→ What needs to be done
Starting at the line that contains "Clare Moss Ceas", reproduce every line through the end of the entries below, with no pictures in the copy.

→ Supplied records
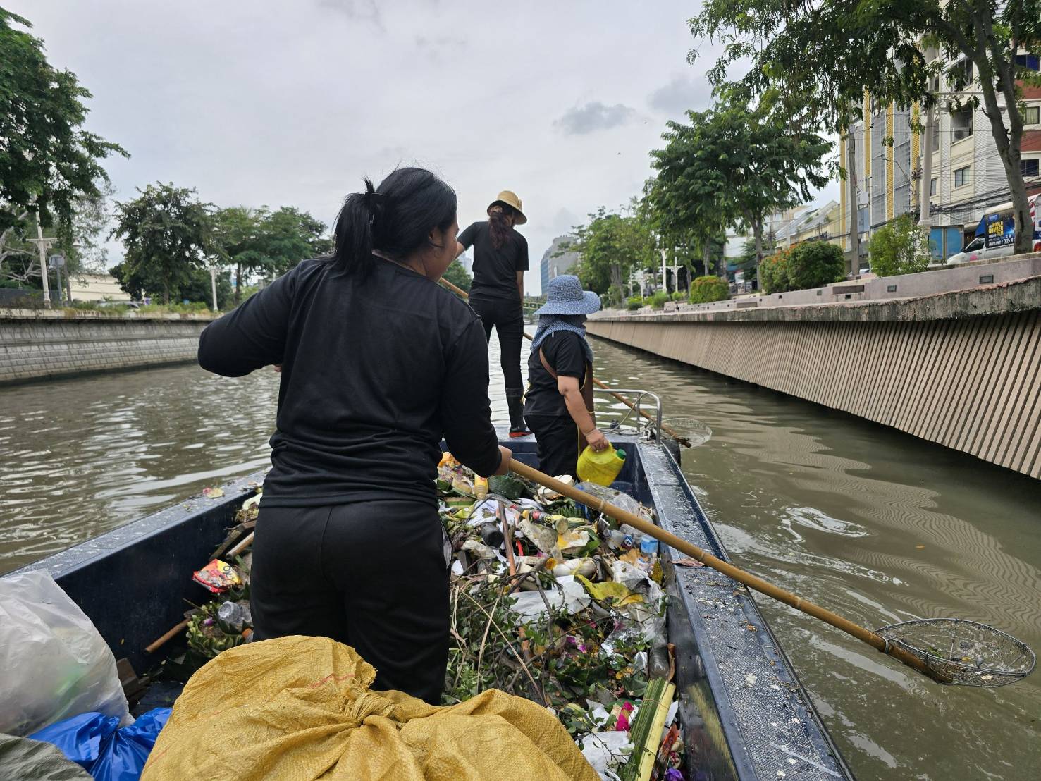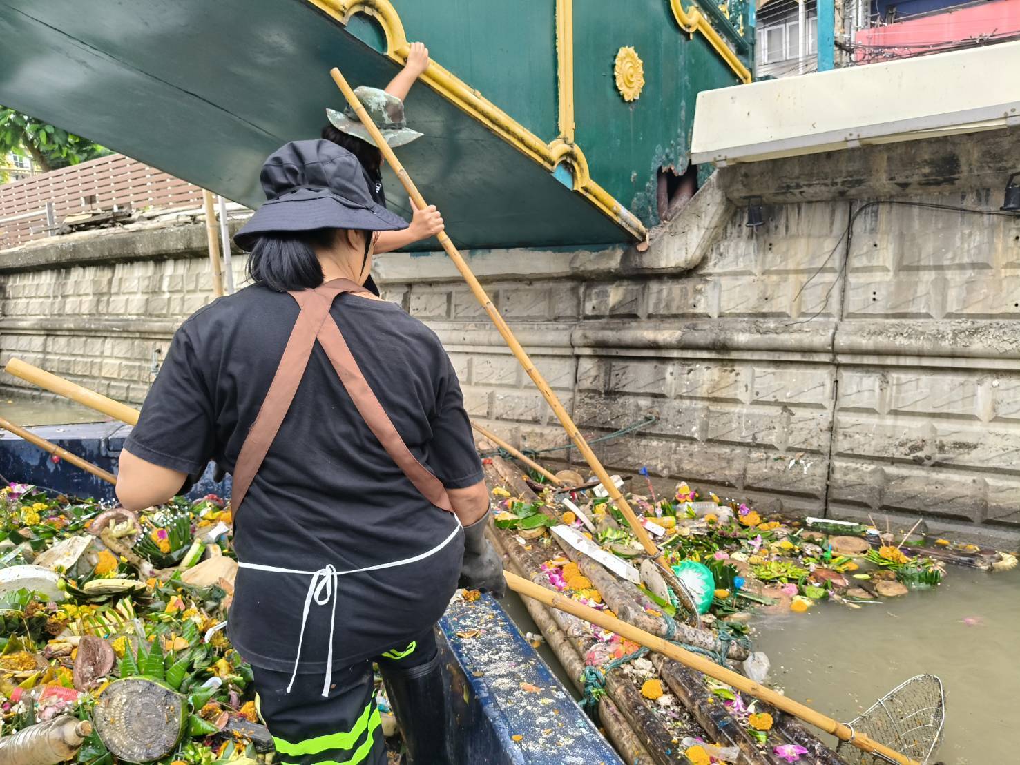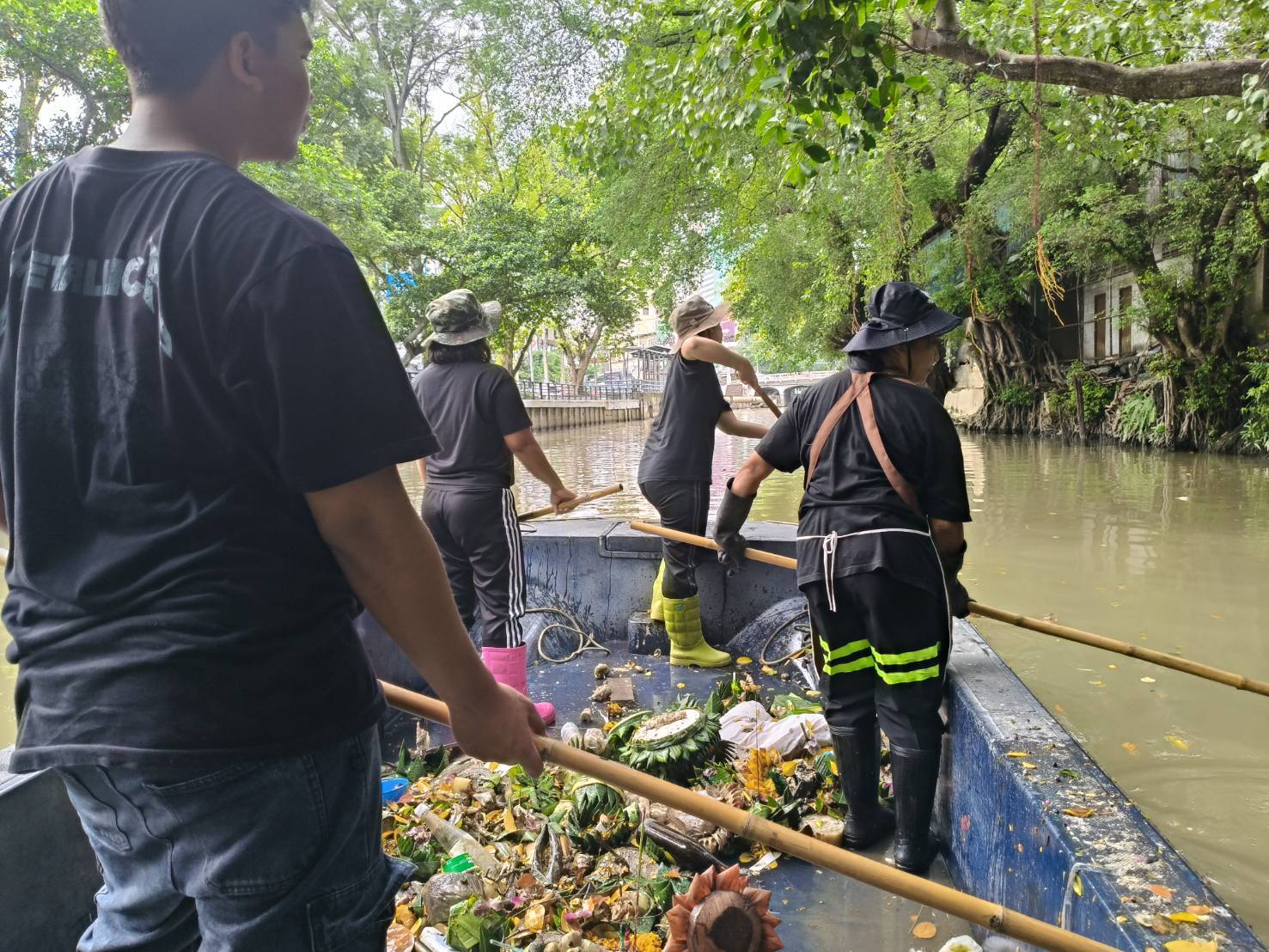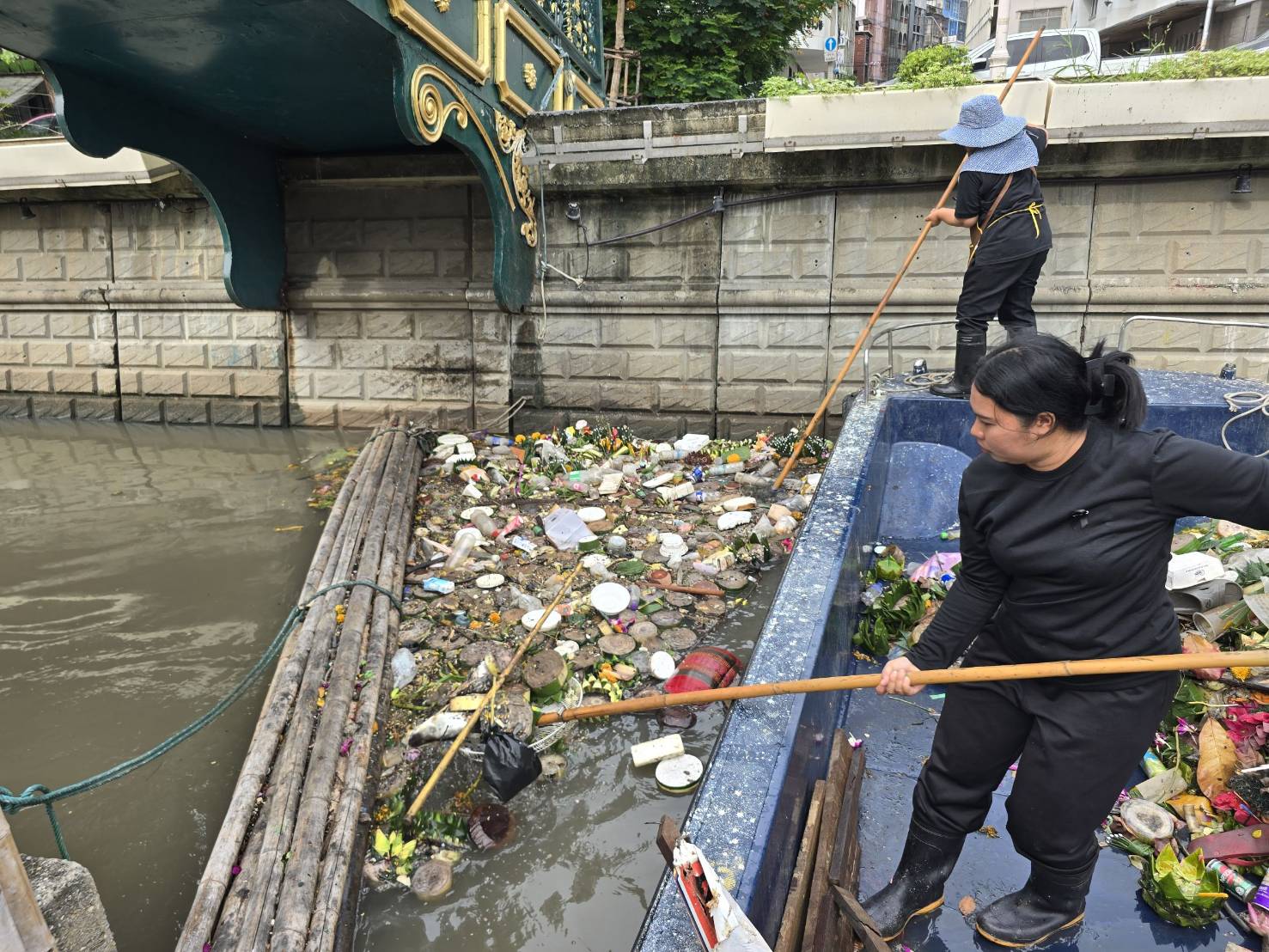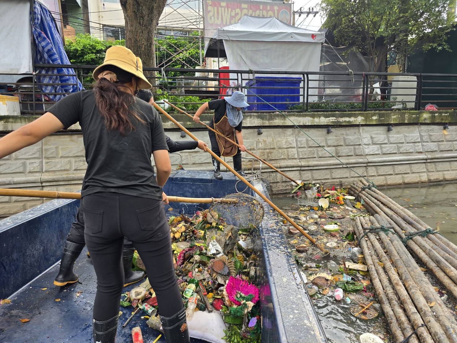 เจ้าหน้าที่ เก็บขยะช่วงสถานีสูบน้ำกรุงเกษมสะพานเจริญสวัสดิ์-สะพานนพวงศ์-สะพานกษัตริย์ศึกถึงสี่แยกมหานาค เขตปทุมวันและเขตป้อมปราบศัตรูพ่าย
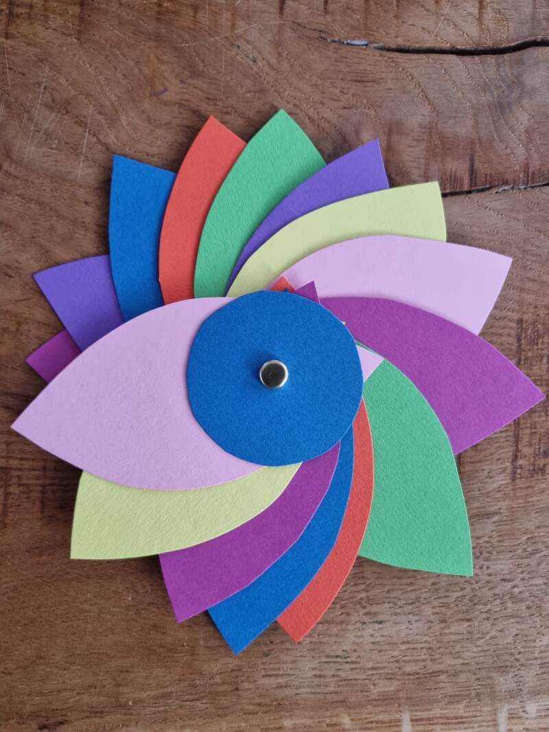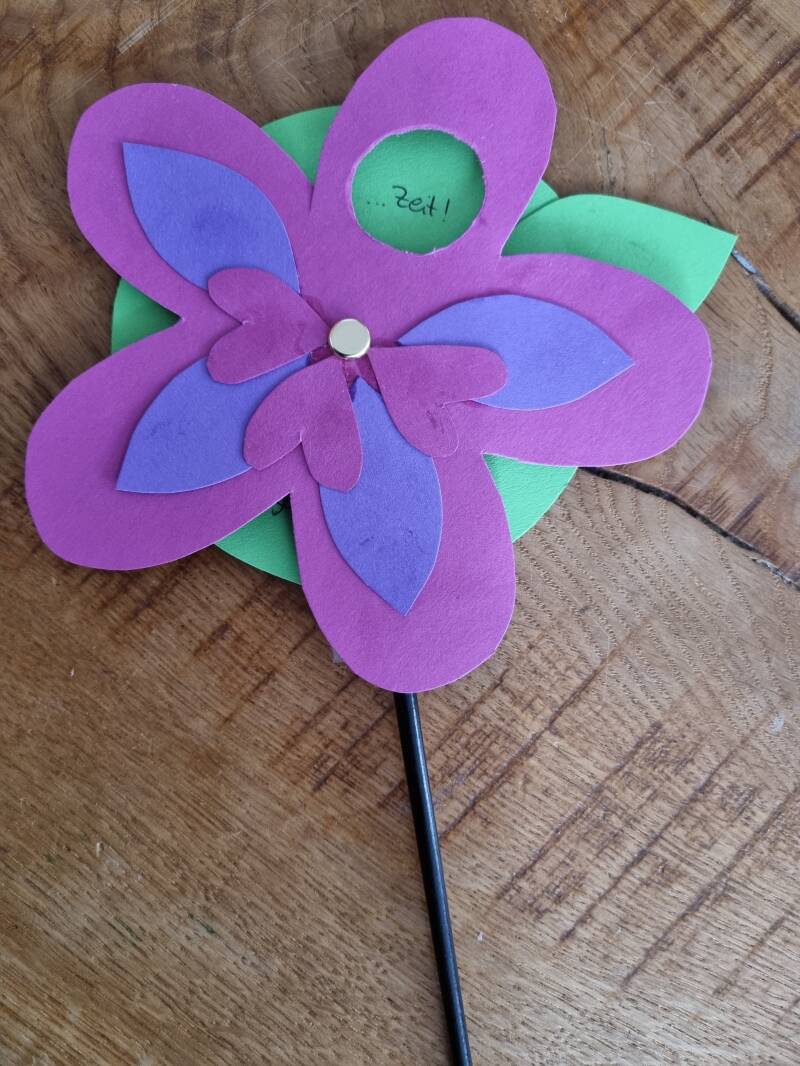 Wenn es ein Abschiedsgeschenk für eine gehende Erzieherin ist, ist es auch eine schöne Idee, wenn jede Familie ein Blütenblatt mit nach Hause nimmt und dort gestaltet.
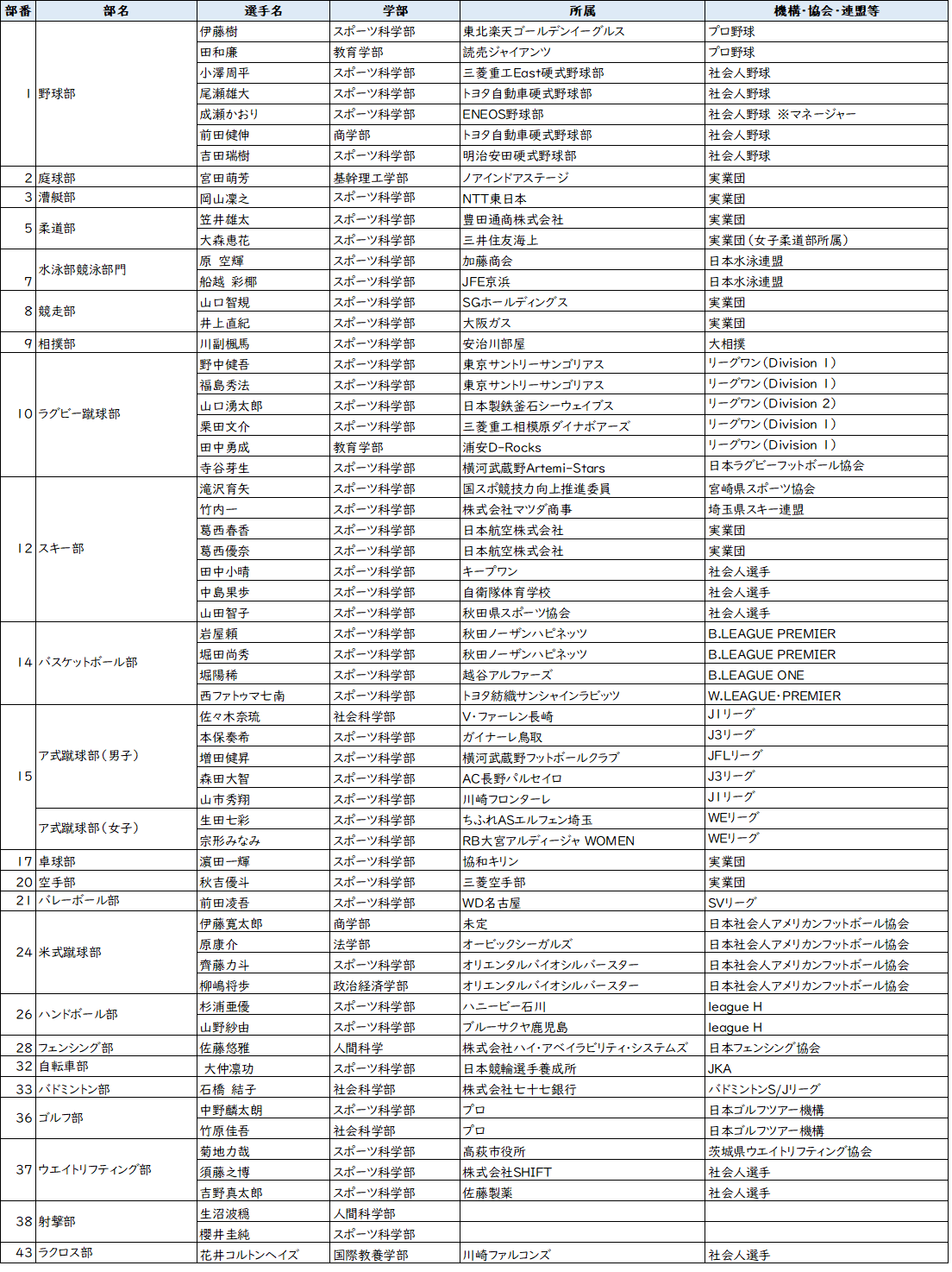 卒業後も競技を継続する学生一覧
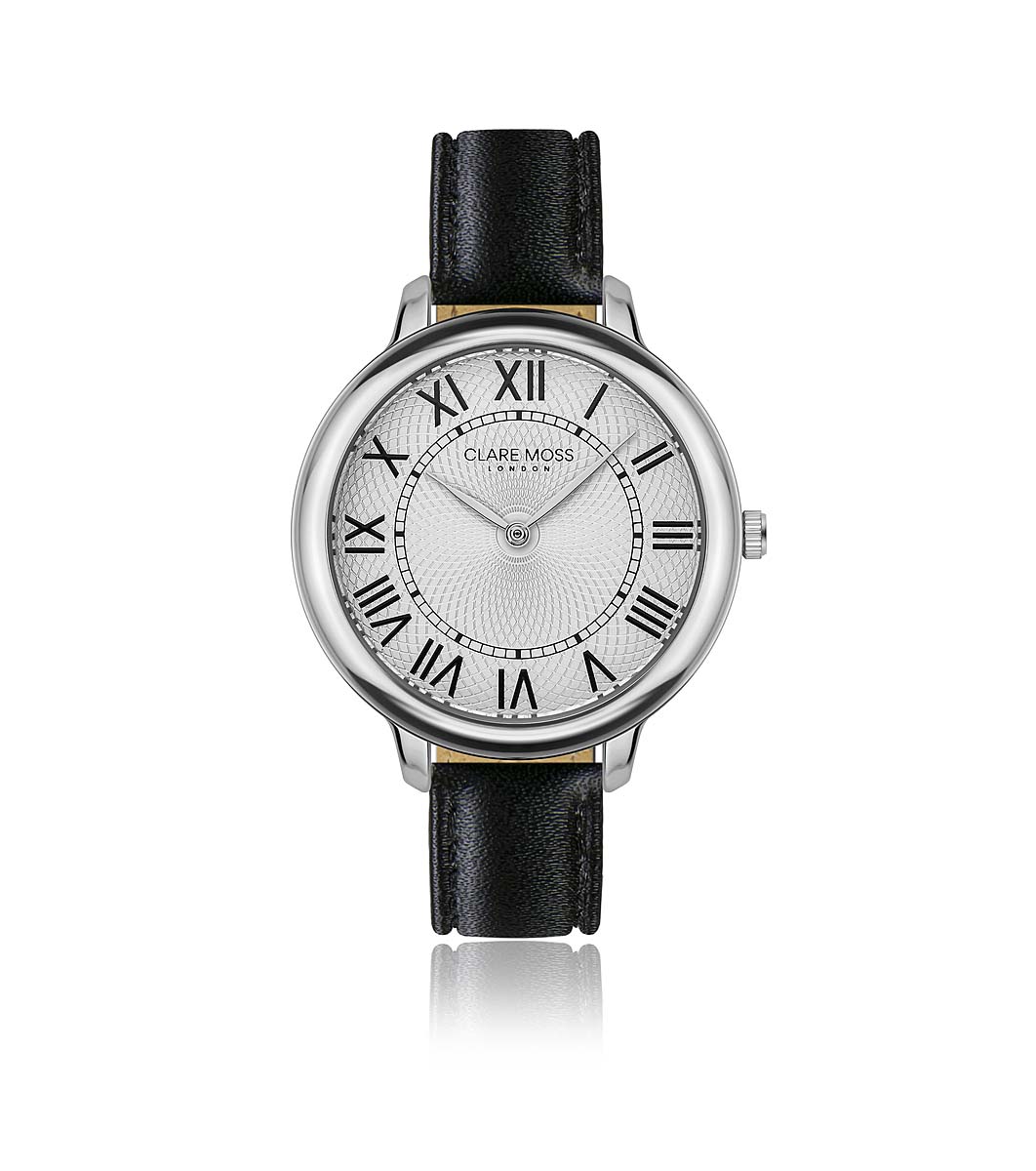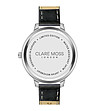 Clare Moss Ceas de dama argintiu cu curea din piele neagra Rose
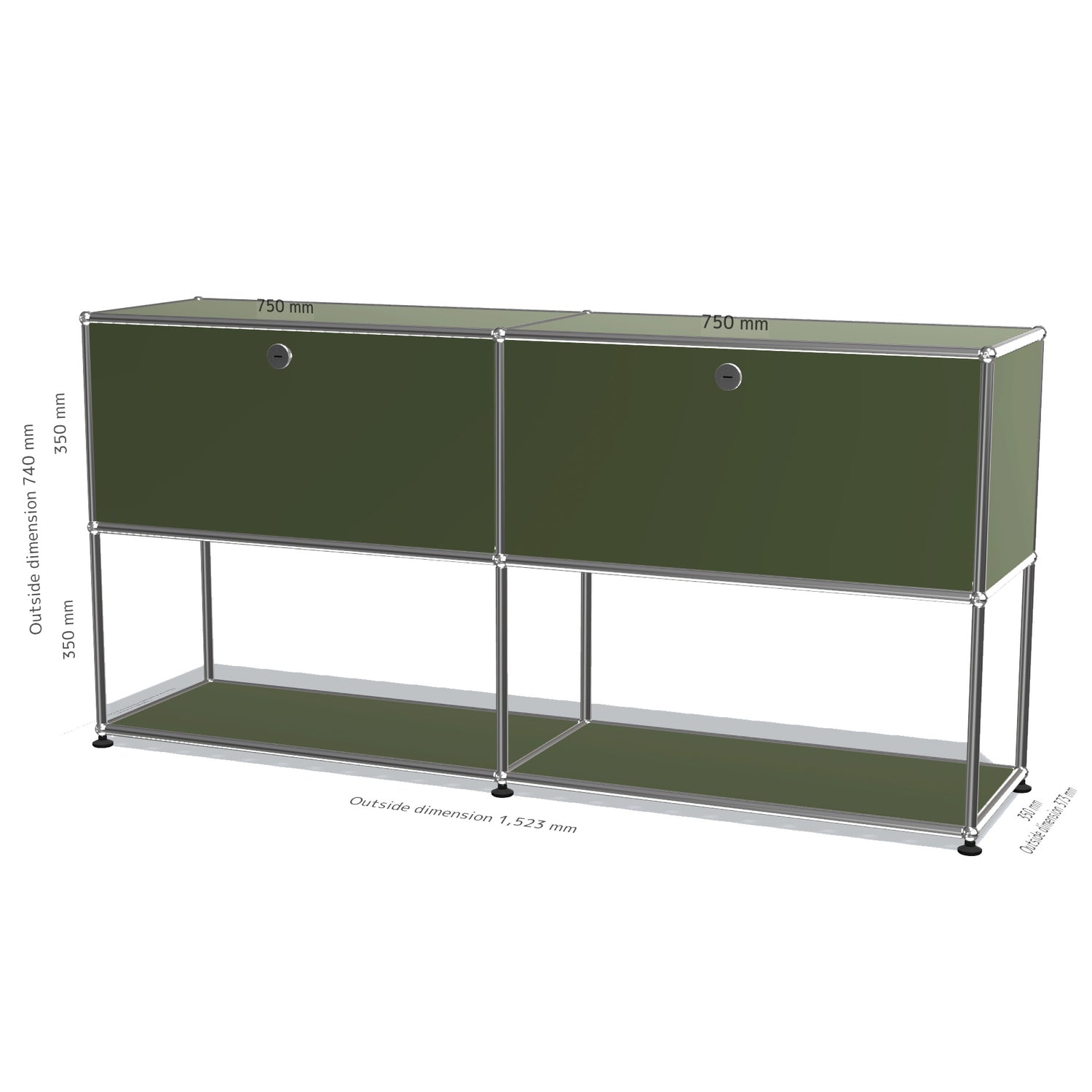 Het USM Haller dressoir bestaat uit 4 compartimenten. De 2 dichte vakken zijn voorzien van een horizontale klepsluiting en bieden ruime opbergruimte om spullen netjes uit het zicht te houden. In de 2 open vakken komen prachtige accessoires juist helemaal tot hun recht, waardoor het meubel zowel praktisch als stijlvol is.

→ Your response
 Clare Moss Ceas de dama argintiu cu curea din piele neagra Rose
 Het USM Haller dressoir bestaat uit 4 compartimenten. De 2 dichte vakken zijn voorzien van een horizontale klepsluiting en bieden ruime opbergruimte om spullen netjes uit het zicht te houden. In de 2 open vakken komen prachtige accessoires juist helemaal tot hun recht, waardoor het meubel zowel praktisch als stijlvol is.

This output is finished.